手法の書き出し1−韻を踏む

作品紹介

 

詩の中で自分の使える技がそれなりに溜まってきたので、どんな手法があるのかを書き出してみる。最初は「韻を踏む」というもの。

「韻を踏むというのはどういうことなのか?」や「頭韻・脚韻とはなにか?」というような難しいことを考えなくても、発音記号もかねている日本語は簡単に韻を知ることができる。平仮名の横並びにある文字列がそれだ。あ行なら「か・さ・た・な・は・ま・や・ら・わ・が・ざ・だ・ば・ぱ」と、「あ」の横並びにある文字は同じ音になる。「い・う・え・お」も同様。

韻を踏んだ例:

あい
かい
さい
たい
ない
まつげない

は、韻を踏んだ遊びといえる。このとき、「あい」の「い」が同じであることを韻だと思う人がいるかもしれないが、「い」を変化させてもかまわない。

あい
かき
さじ
まつげだい

という風に。
こうなると、「まつげない」と「まつげだい」はどういうこと? と思う人もいるだろうが、これは音が同じであること意外に意味はない。二文字で揃えないと駄目じゃないのか? というのも問題はない。音を揃えるという手法と、言葉数を揃えることとは別の話になる。同様に、最初の例を

あい:愛
かい:貝
さい:犀
たい:鯛
ない:無い
まつげない:睫毛無い

とした場合、言葉の意味を揃えようとする人は、「貝・鯛=海の生き物」「犀=生き物」として同列にくくれるけれど、「愛」はどれにもくくれず、「無い・睫毛無い」も別のくくりになると考えることがあるだろう。

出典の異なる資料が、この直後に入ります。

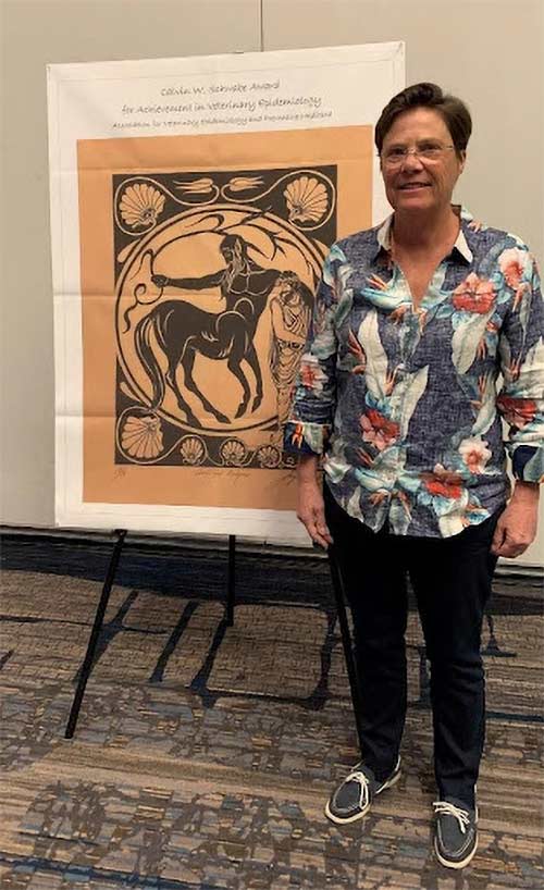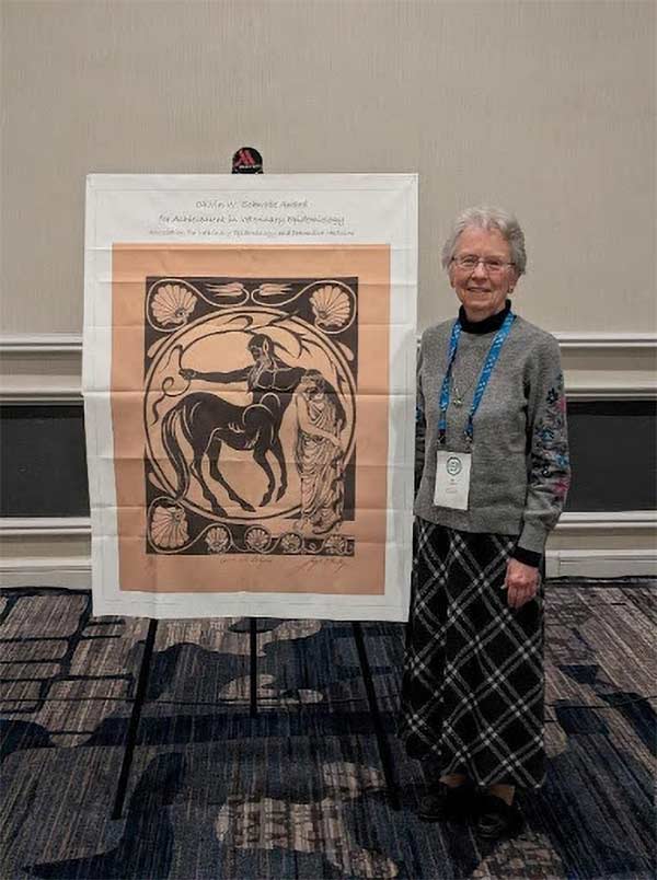 The 2025 Calvin W. Schwabe award was awarded to Jan Scarlett, Professor Emerita of Epidemiology, founder, and former Director of the Maddie’s Shelter Medicine Program at Cornell University. In the mid 1990’s a consultation with animal welfare groups changed the direction of her career. That experience awakened her passion for companion animal welfare and married it to her epidemiologic and preventive medicine skills. With Dr. Lilia Miller (ASPCA), she offered the first didactic course in the country addressing the welfare and population health management of shelter animals. With funding from the National Council on Pet Population and Policy she helped design and conduct some of the first studies of factors leading to relinquishment of animals to shelters. That consultation led to a series of seminal epidemiologic studies that stimulated interest and opened the door to a growing literature regarding the welfare/medical care of shelter and other homeless animals (that continues to this day).

けれどこれも、音を合わせることである韻を踏む手法とは関係ない話だ。もちろん、「海の生物しばり」で韻を踏むというルールであれば「犀・愛・無い・睫毛無い」は使えなくなるが、それは韻を踏む手法とは別の問題である。





無い
愛の懐胎
愛の臍帯
愛の体内
愛の睫毛無い
愛の睫毛代

つながりのなかった「愛・貝・犀・鯛・無い」が「愛の懐胎」により意味がつながったものの、「愛の睫毛無い」からは再び無意味になる。ここでの意味は「母音を踏むこと」以外にはない。音を合わせるということを考える「韻を踏む」という手法に特化した作品を書く場合には、言葉の意味や個々のつながりよりも、音にこだわるほうが手法の上達につながるように思う。

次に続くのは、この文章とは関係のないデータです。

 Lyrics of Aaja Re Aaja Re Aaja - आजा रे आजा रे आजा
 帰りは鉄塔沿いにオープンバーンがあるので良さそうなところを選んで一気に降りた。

◆韻を踏むことに特化した自作:韻を踏んづける(簡略版)


 あそこ いとこ うろこ えごころ おののいもこ

 カラン 麒麟 くるん 外連 コロン

 サランラップ 知らんラップ Stand-Up 乱世MAP ソーラン節W杯

 畳 血祭り つまり 手毬 トドの祭り

 懐かしいね 似つかわしいぜ ぬすっと犬め! 熱さまシート ノストラ騙す

 恥ずかしい 日暮し 不屈の魂 減るもんじゃなし 本気だしい!

 魔界 未開 無害 眩暈 モアイ

 やずや 衣類 ゆず湯 LL 呼ぶよ

 羅門 リボン ルンバ レモン 魯鈍

 ワニガメ イシガメ 海ガメ 液キャベ ヲチだぜ

 Gum 義務 Gummi 無碍 Gom

 雑草 実証 ズルそう 絶唱 俗称

 騙しあい ぢが辛い ヅラ奪い でかい愛 ドライアイ

 番長 便乗 文鳥 便所 ボンジョビ

 パッと届く ピット篭る プッチョの雌 ペットボトル ポットノズル

 んだ(そうだ) ンキー(さる) んぐ(喉づまり) んで?(それで?) んどん(うどん)

 

画像:pixabay(加工:とよよん)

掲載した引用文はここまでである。